> _AIM OF THE TASK_: Starting with the first line and ending with the last, transcribe the data exactly.

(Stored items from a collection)
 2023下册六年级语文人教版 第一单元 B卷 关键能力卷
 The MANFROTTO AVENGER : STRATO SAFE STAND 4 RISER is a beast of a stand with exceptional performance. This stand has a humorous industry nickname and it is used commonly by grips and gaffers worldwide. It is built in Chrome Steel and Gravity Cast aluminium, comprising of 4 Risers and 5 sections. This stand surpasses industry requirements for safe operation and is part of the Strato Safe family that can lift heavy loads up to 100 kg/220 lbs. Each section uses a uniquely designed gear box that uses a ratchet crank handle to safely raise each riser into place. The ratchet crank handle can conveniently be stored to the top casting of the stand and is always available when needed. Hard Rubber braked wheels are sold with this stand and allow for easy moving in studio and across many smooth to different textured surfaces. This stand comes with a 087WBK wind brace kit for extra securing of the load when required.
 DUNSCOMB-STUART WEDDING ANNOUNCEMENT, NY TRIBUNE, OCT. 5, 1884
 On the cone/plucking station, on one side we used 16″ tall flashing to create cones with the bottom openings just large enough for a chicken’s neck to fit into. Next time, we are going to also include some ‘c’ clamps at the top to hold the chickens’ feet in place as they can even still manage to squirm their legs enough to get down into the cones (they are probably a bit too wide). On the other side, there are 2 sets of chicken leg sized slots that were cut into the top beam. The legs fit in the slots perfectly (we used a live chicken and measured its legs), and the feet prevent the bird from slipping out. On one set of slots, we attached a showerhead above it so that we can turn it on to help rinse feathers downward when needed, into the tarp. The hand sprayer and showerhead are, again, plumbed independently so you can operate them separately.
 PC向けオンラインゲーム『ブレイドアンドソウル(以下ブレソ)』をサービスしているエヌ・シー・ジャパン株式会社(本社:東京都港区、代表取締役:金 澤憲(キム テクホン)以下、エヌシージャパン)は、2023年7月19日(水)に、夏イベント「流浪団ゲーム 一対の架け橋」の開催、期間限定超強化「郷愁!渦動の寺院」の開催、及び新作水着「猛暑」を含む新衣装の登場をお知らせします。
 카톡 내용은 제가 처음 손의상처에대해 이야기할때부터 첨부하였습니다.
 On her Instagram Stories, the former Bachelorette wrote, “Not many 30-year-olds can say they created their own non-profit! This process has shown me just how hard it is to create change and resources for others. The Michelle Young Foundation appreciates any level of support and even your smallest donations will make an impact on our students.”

> _TASK ANSWER_:
 2023下册六年级语文人教版 第一单元 B卷 关键能力卷
 The MANFROTTO AVENGER : STRATO SAFE STAND 4 RISER is a beast of a stand with exceptional performance. This stand has a humorous industry nickname and it is used commonly by grips and gaffers worldwide. It is built in Chrome Steel and Gravity Cast aluminium, comprising of 4 Risers and 5 sections. This stand surpasses industry requirements for safe operation and is part of the Strato Safe family that can lift heavy loads up to 100 kg/220 lbs. Each section uses a uniquely designed gear box that uses a ratchet crank handle to safely raise each riser into place. The ratchet crank handle can conveniently be stored to the top casting of the stand and is always available when needed. Hard Rubber braked wheels are sold with this stand and allow for easy moving in studio and across many smooth to different textured surfaces. This stand comes with a 087WBK wind brace kit for extra securing of the load when required.
 DUNSCOMB-STUART WEDDING ANNOUNCEMENT, NY TRIBUNE, OCT. 5, 1884
 On the cone/plucking station, on one side we used 16″ tall flashing to create cones with the bottom openings just large enough for a chicken’s neck to fit into. Next time, we are going to also include some ‘c’ clamps at the top to hold the chickens’ feet in place as they can even still manage to squirm their legs enough to get down into the cones (they are probably a bit too wide). On the other side, there are 2 sets of chicken leg sized slots that were cut into the top beam. The legs fit in the slots perfectly (we used a live chicken and measured its legs), and the feet prevent the bird from slipping out. On one set of slots, we attached a showerhead above it so that we can turn it on to help rinse feathers downward when needed, into the tarp. The hand sprayer and showerhead are, again, plumbed independently so you can operate them separately.
 PC向けオンラインゲーム『ブレイドアンドソウル(以下ブレソ)』をサービスしているエヌ・シー・ジャパン株式会社(本社:東京都港区、代表取締役:金 澤憲(キム テクホン)以下、エヌシージャパン)は、2023年7月19日(水)に、夏イベント「流浪団ゲーム 一対の架け橋」の開催、期間限定超強化「郷愁!渦動の寺院」の開催、及び新作水着「猛暑」を含む新衣装の登場をお知らせします。
 카톡 내용은 제가 처음 손의상처에대해 이야기할때부터 첨부하였습니다.
 On her Instagram Stories, the former Bachelorette wrote, “Not many 30-year-olds can say they created their own non-profit! This process has shown me just how hard it is to create change and resources for others. The Michelle Young Foundation appreciates any level of support and even your smallest donations will make an impact on our students.”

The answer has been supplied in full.